Govan Mbeki Municipality has tabled a draft 2026/27 Medium-Term Revenue & Expenditure Framework that lays bare a municipality under acute financial stress. The document, prepared in line with MFMA and National Treasury guidance, shows rising costs, shrinking capital investment and a funding shortfall that threatens service delivery and legal compliance.

A stark funding gap The draft budget projects operating revenue of R3.819 billion against operating expenditure of R4.169 billion — an operating deficit of about R349 million. Including capital, the municipality faces an overall deficit of R432 million. These shortfalls come alongside a reduced capital programme of R192.9 million for 2026/27, down by R27.6 million from the adjusted 2025/26 budget, constraining investment in infrastructure at a time when maintenance and upgrades are critical.

Mounting liabilities and cash-flow risk The municipality’s creditors currently total R7.638 billion, with Eskom and Rand Water the largest outstanding accounts. At an assumed 66% payment rate, only R4.45 billion of debt is realistically collectible over time — well short of what is needed to meet obligations and sustain operations. The budget papers warn the municipality will be unable to pay obligations as they fall due, risking non-compliance with Subsection 99(2)(b) of the Municipal Finance Management Act and exposing the council to potential litigation, additional interest charges and escalating legal fees.

Drivers of the deterioration Operating expenditure has increased by R331.43 million relative to the current adjusted budget, driven mainly by salary increases (kept within the 35% regulation), higher bulk-purchase costs and general inflation. Revenue growth is constrained, and without decisive action collection rates, operating efficiency and cost control will not improve fast enough to close the gap.

Service delivery and personnel implications Cash-flow constraints could leave critical vacancies unfilled, undermining service delivery and limiting the municipality’s operational capacity. The papers call for an urgent, intensive review of the organizational structure to align staff to essential deliverables.

Policy response and recommended measures The draft reiterates the statutory requirement to adopt funded budgets and urges immediate interventions: expenditure reprioritization, strict cost containment, intensified revenue enhancement and improved credit control, and full implementation of mSCOA. Administratively, the municipality proposes tariff increases (water and sewerage up to 11%, provisional electricity 12.74%, assessment rates and other tariffs around 3.7%) and other policy measures aimed at stabilizing finances. The document also stresses that if an unfunded budget is adopted, Council must table a credible plan showing how the municipality will move to a funded position.

Political fallout: opposition to an unfunded budget The funding gap and the municipality’s precarious cash position drew political opposition. The Democratic Alliance (DA) and the Freedom Front Plus (FF+) voted against accepting an unfunded budget, signalling concern that the draft fails to provide a sustainable, lawful funding model and warning that continued acceptance of unfunded budgets will deepen financial instability and compromise core services.

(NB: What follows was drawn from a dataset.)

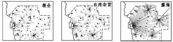 A.教会-日用杂货-服饰 B.日用杂货-服饰-教会

Conclusion Govan Mbeki’s 2026/27 draft budget signals an urgent need for decisive, sustained fiscal action. The operating and overall deficits — R349 million and R432 million respectively — coupled with R7.638 billion in creditors and limited collectible debt, create an immediate liquidity crisis with legal and service-delivery consequences. While the administration has proposed revenue and cost measures, the rejection by DA and FF+ of an unfunded budget underscores the political and governance challenge: without a credible, fundable plan and disciplined implementation, the municipality risks further deterioration in financial health and service outcomes.